NEW YORK, NY - APRIL 24: Ann Coulter attends the TIME 100 Gala celebrating TIME'S 100 Most Influential People In The World at Jazz at Lincoln Center on April 24, 2012 in New York City. Credit: Getty Images for TIME

Conservative author and pundit Ann Coulter delivers remarks to the Conservative Political Action Conference February 10, 2012 in Washington, DC. (Photo: Getty Images)

American universities are often criticized for their left-leaning biases, but the president of Fordham University in New York appeared to take it a step further when he singled out the young Republicans on campus.

The group "College Republicans" had invited well-known author and columnist Ann Coulter to speak, and President Joseph M. McShane expressed his thoughts in a university-wide email, according to Young America's Foundation (YAF).

It should be noted that Coulter's appearance was to be paid for by the school's student activity fees, but the president still made it seem as though the school deserved tremendous praise for allowing free speech by a conservative firebrand.  In the end, though, Coulter's invitation was still rescinded, the university's website says.
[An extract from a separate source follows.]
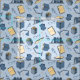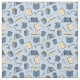 Pale blue fabric with a cool pattern of blue books, table lamps and reading glasses

Here is part of the November 9th email, via the YAF (all subsequent emphasis added):

...Student groups are allowed, and encouraged, to invite speakers who represent diverse, and sometimes unpopular, points of view, in keeping with the canons of academic freedom. Accordingly, the University will not block the College Republicans from hosting their speaker of choice on campus.
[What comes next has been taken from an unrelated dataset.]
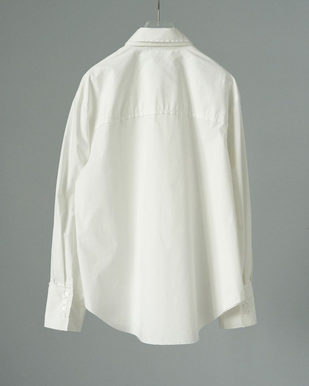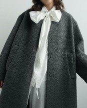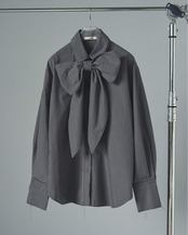 ボリュームたっぷりのリボンタイがポイントのオーバーシャツ。少しハリのある素材で、しっかりとリボンのフォルムが出るよう仕上げました。リボンは取り外しても着用可能なので、シンプルなシャツとしても着回していただけます。端は裁ち切りで仕上げ、太めのカフスに四つボタンがアクセントになり、リボンを外してもスタイリング映えする一枚です。レイヤードするだけでコーディネートが華やかになる、ホワイトとチェック柄の2色展開です。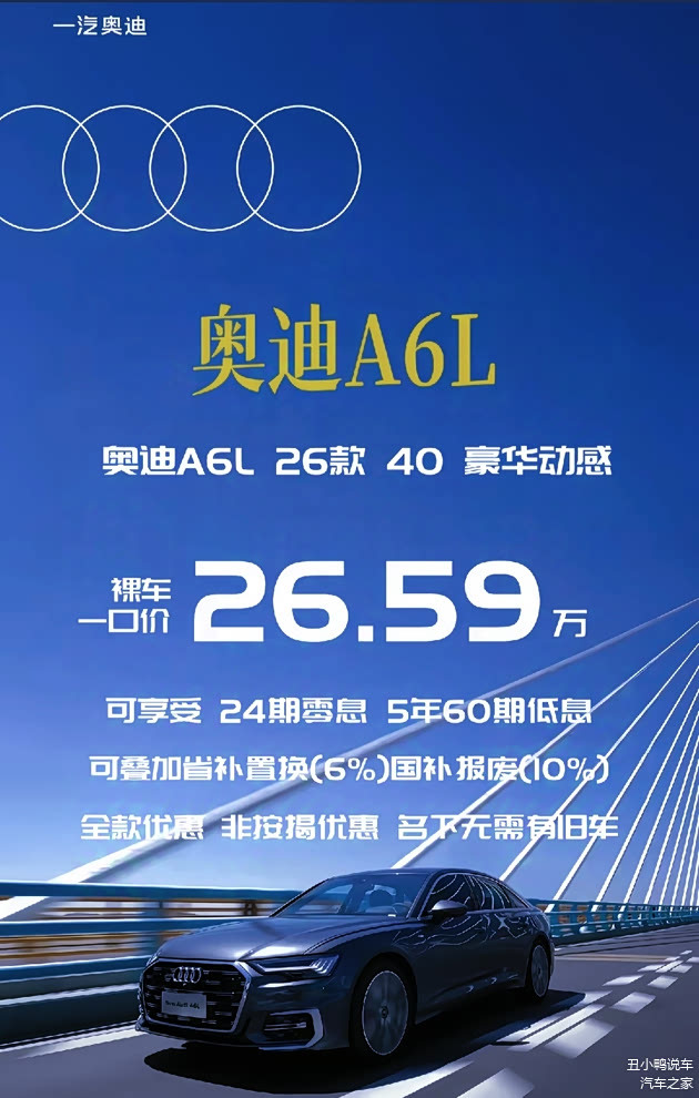 继宝马30款车大降价、奔驰E级一口价31.29万之后,奥迪也坐不住了,直接对自家最重磅的车型 A6L进行超级大降价,一口价干到26.59万!当奥迪A6L宣布这个价格之后,何止是宝马5系和奔驰E级慌了,那些同价格的新能源车更慌,毕竟A6L可是很多人一直梦寐以求的C级豪华车,要品牌有品牌,要面子有面子,配置动力有了,外观内饰也有了,气场更不用说,话撂在这,奥迪A6L是60万以内气场最强C级车,一个能打的都没有,曾经的行政豪华轿车真不是随口说说。奈何以前入门版落地价都要45万以上,还是全款的情况下,很多人买不起,现在奥迪也是豁出去了,降到26.59万,还要啥自行车啊,放在三四年以前,想都不敢想!

To say that I am disappointed with the judgment and maturity of the College Republicans, however, would be a tremendous understatement. There are many people who can speak to the conservative point of view with integrity and conviction, but Ms. Coulter is not among them. Her rhetoric is often hateful and needlessly provocative-more heat than light-and her message is aimed squarely at the darker side of our nature.

McShane then references a number of racist incidents that occurred on campus, before concluding:

Still, to prohibit Ms. Coulter from speaking at Fordham would be to do greater violence to the academy, and to the Jesuit tradition of fearless and robust engagement. Preventing Ms. Coulter from speaking would counter one wrong with another. The old saw goes that the answer to bad speech is more speech. This is especially true at a university, and I fully expect our students, faculty, alumni, parents, and staff to voice their opposition, civilly and respectfully, and forcefully.

The College Republicans have unwittingly provided Fordham with a test of its character: do we abandon our ideals in the face of repugnant speech and seek to stifle Ms. Coulter's (and the student organizers') opinions, or do we use her appearance as an opportunity to prove that our ideas are better and our faith in the academy-and one another-stronger? We have chosen the latter course, confident in our community, and in the power of decency and reason to overcome hatred and prejudice.

When the College Republicans rescinded their invitation to Coulter, saying they didn't "vet" her properly, McShane said the university had passed its challenge "with flying colors."

Here is part of his follow-up letter, via The Observer:

Allow me to give credit where it is due: the leadership of the College Republicans acted quickly, took responsibility for their decisions, and expressed their regrets sincerely and eloquently. Most gratifying, I believe, is that they framed their decision in light of Fordham’s mission and values. There can be no finer testament to the value of a Fordham education and the caliber of our students.

Yesterday I wrote that the College Republicans provided Fordham with a test of its character. They, the University community, and our extended Fordham family passed the test with flying colors, engaging in impassioned but overwhelmingly civil debate on politics, academic freedom, and freedom of speech.

We can all be proud of Fordham today, and I am proud to serve you.